I exchanged several emails with Professor Jack Goldstone today regarding an article of his (co-authored with seven other professors) currently under review: “A Global Model for Forecasting Political Instability.” I got in touch with Jack after a reference in David Nyheim’s recent report on early warning caught my eye. Namely that conflict forecasting tools were now producing 80% accurate forecasts.
Jack did confirm the reference. Most of the Political Instability Task Force (PITF) models now have an 80%+ accuracy rate vis-a-vis forecasting state crises 2 years in advance. “There is a global model which averages 81.6% accuracy across 3 random control sets for both event and non-event forecasting, and a sub-Saharan Africa model that averages about 85%.” The article is still under review, so for now the piece should be referenced as “Working Paper, Center for Global Policy, George Mason University.”
Jack kindly shared the abstract with me:
Applying case-control methodology to data from countries worldwide from 1955 to 2003, the authors develop a statistical model of political instability that distinguishes with roughly 80-percent accuracy between countries headed for new crises two years hence and those that will remain stable. The resulting model employs few of the variables championed by those who write on political instability and is comparatively simple, using only a few variables, all but one of them categorical. A measure of regime type emerges as the most powerful predictor of instability in the two-year time frame, leading the authors to conclude that political institutions, not economic conditions, demography, or geography, are the most important predictors of the onset of political instability.
I find it particularly interesting that regime type appears to be the most salient predictor of political instability. What are the implications for conflict early response and humanitarian intervention? When I asked Jack why he and his colleagues had not applied their model through to 2007/2008 in order to make predictions for 2008-2010, he mentioned that the organization sponsoring the research has exclusive rights to the data and predictions about the present and near future. This is unfortunate, but of course I understand that this is beyond the team’s control. But it does beg the following question: does closed, proprietary research on conflict forecasting models contribute to the warning-response gap?
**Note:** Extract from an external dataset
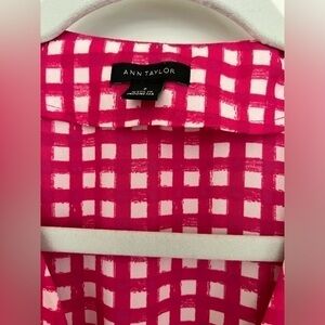 Ann Taylor Blouse with Flutter Sleeves Pink White Size 8
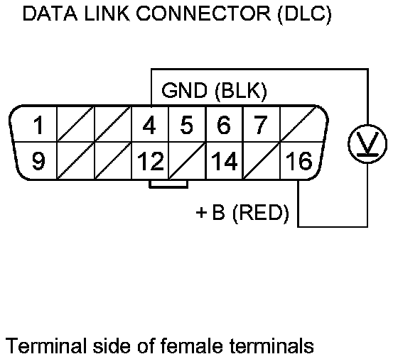 25. Measure the voltage between DLC terminals No. 4 and No. 16.

Update: Professor Goldstone kindly shared additional information. While he and his research team cannot use the material, their sponsors are making extensive use of the forecasts. Indeed, Centcom is drawing on the conflict modeling and parts of the forecasts are also being incorporated into the OECD fragile states response planning. So while the funder wishes to control dispersal, they are not keeping it fully locked up.
It would be useful if we could identify which operational responses/interventions (either by Centcom or the OECD) can be traced back to decision-making processes that were directly influenced by information generated from PITF’s models.